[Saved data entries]
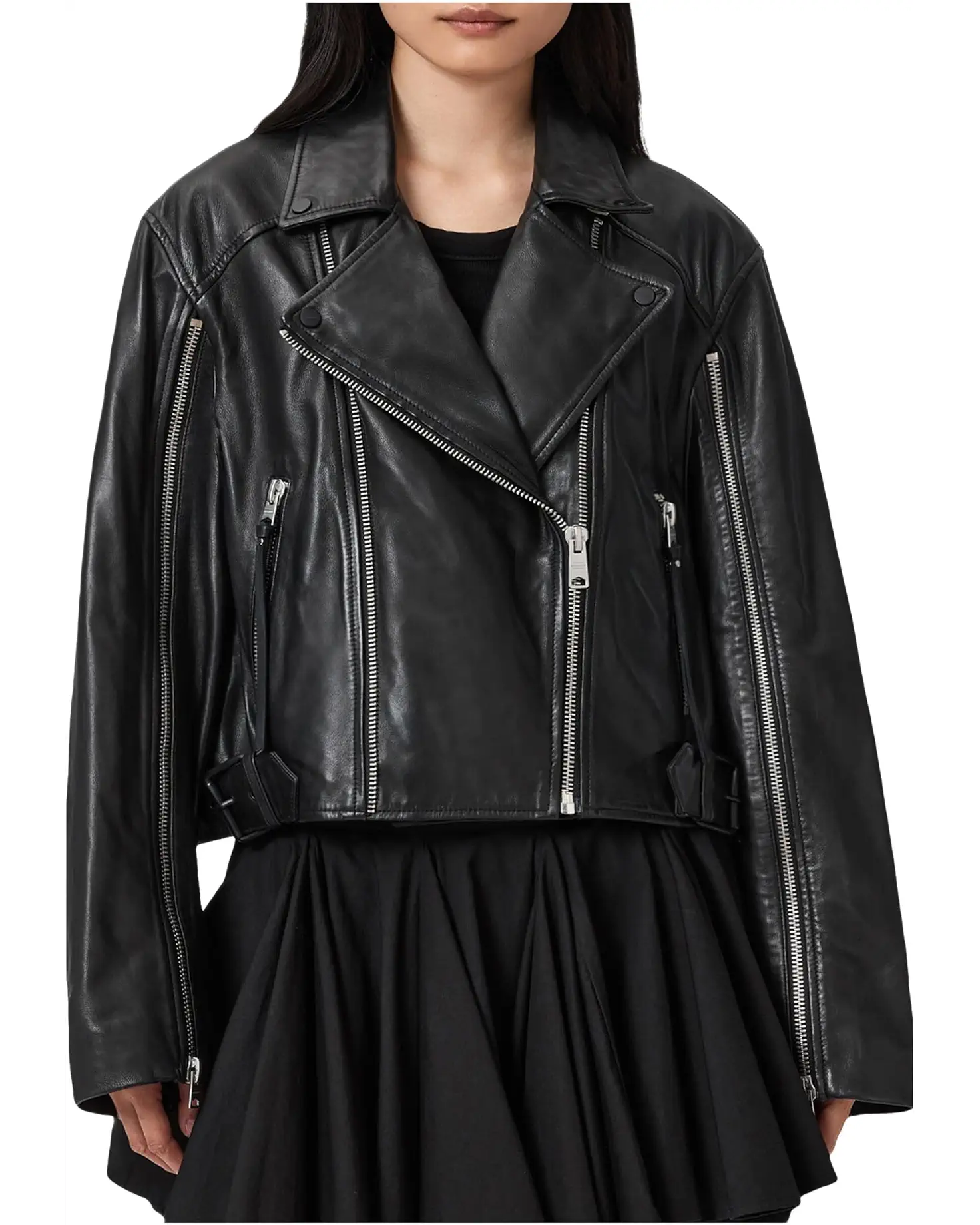 • Own the edge styling AllSaints™ Masone Biker. Cut in a regular fit for effortless layering, this jacket features a structured collared neck and long sleeves with edgy zippered cuffs that speak to your inner renegade. The front zipper closure adds clean lines and a secure fit, while zippered hand pockets fuse attitude with utility. Whether you're riding into the weekend or rocking it downtown, the Masone Biker gives off that unapologetic cool with every wear. Crafted for those who live loud and look sharp, it's your go-to for bold city vibes and timeless flair.
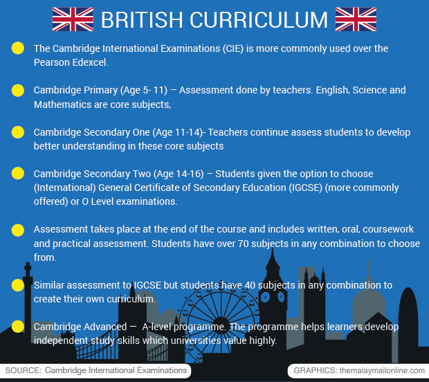 A quick check with some international schools show that most follow the British curriculum where students will be required to sit for the International General Certificate of Secondary Education (IGCSE) programme by the Cambridge International Examinations (CIE).
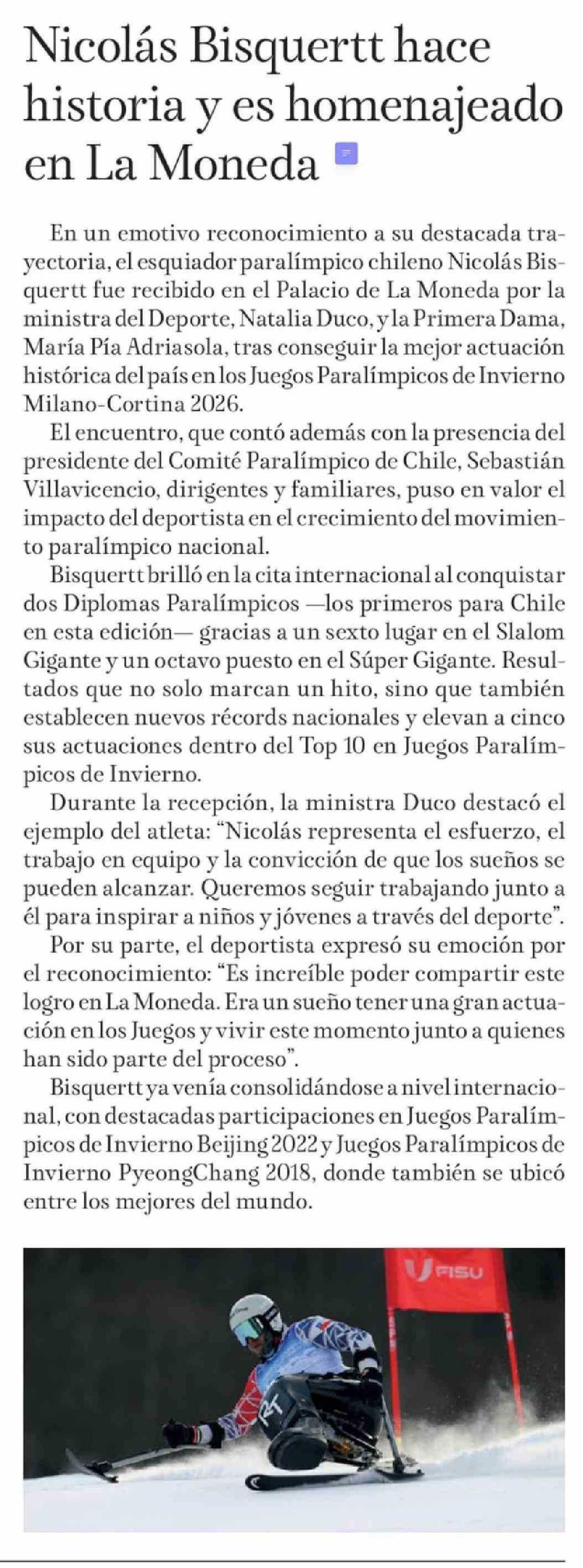 Nicolás Bisquertt hace historia y es homenajeado en La Moneda
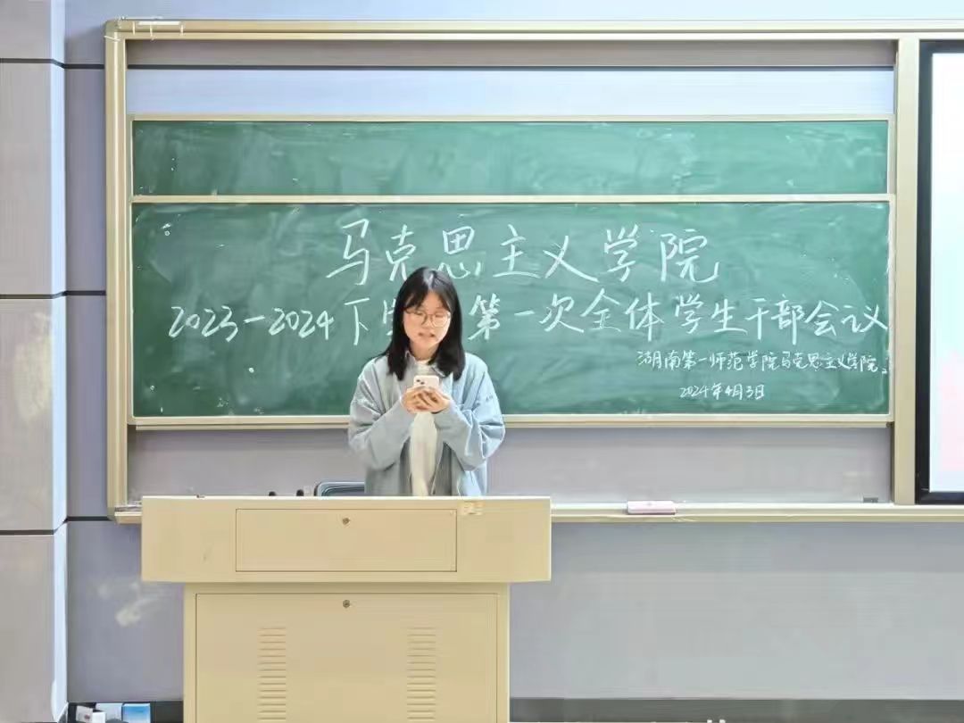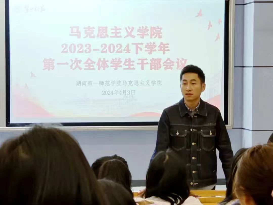 刘艳霓老师作总结发言,希望新学期全体学生干部做到实干笃行,脚踏实地完成各项工作,并对全体学生干部提出三点要求:一是要加强思想引领,落实立德树人的根本任务。将各项活动与思政专业特色、学校红色资源紧密结合起来,强化思想引领、激发新时代青年挺膺担当;二是要加强学风建设,落实学思并进的优良学风。学生干部要不断增强身份意识和精神自觉,以更加严格的标准要求自己,树立朋辈榜样;三是要加强管理效能,落实善作善成的工作作风。各部门要坚持问题导向,坚持压实责任、坚持全面覆盖、坚持务求实效。
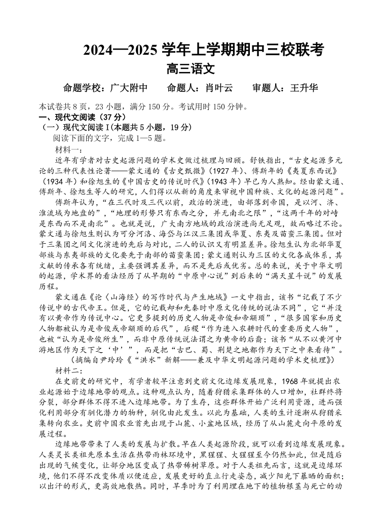广东省广州外国语、广大附中、铁一中学等三校2025届高三上学期期中联考语文及答案

### Action item
Set out, exactly as given, the line that contains "刘艳霓老师作总结发言,希望新" along with each line after it through the end of the records above; omit the pictures.

### Answer section
 刘艳霓老师作总结发言,希望新学期全体学生干部做到实干笃行,脚踏实地完成各项工作,并对全体学生干部提出三点要求:一是要加强思想引领,落实立德树人的根本任务。将各项活动与思政专业特色、学校红色资源紧密结合起来,强化思想引领、激发新时代青年挺膺担当;二是要加强学风建设,落实学思并进的优良学风。学生干部要不断增强身份意识和精神自觉,以更加严格的标准要求自己,树立朋辈榜样;三是要加强管理效能,落实善作善成的工作作风。各部门要坚持问题导向,坚持压实责任、坚持全面覆盖、坚持务求实效。
广东省广州外国语、广大附中、铁一中学等三校2025届高三上学期期中联考语文及答案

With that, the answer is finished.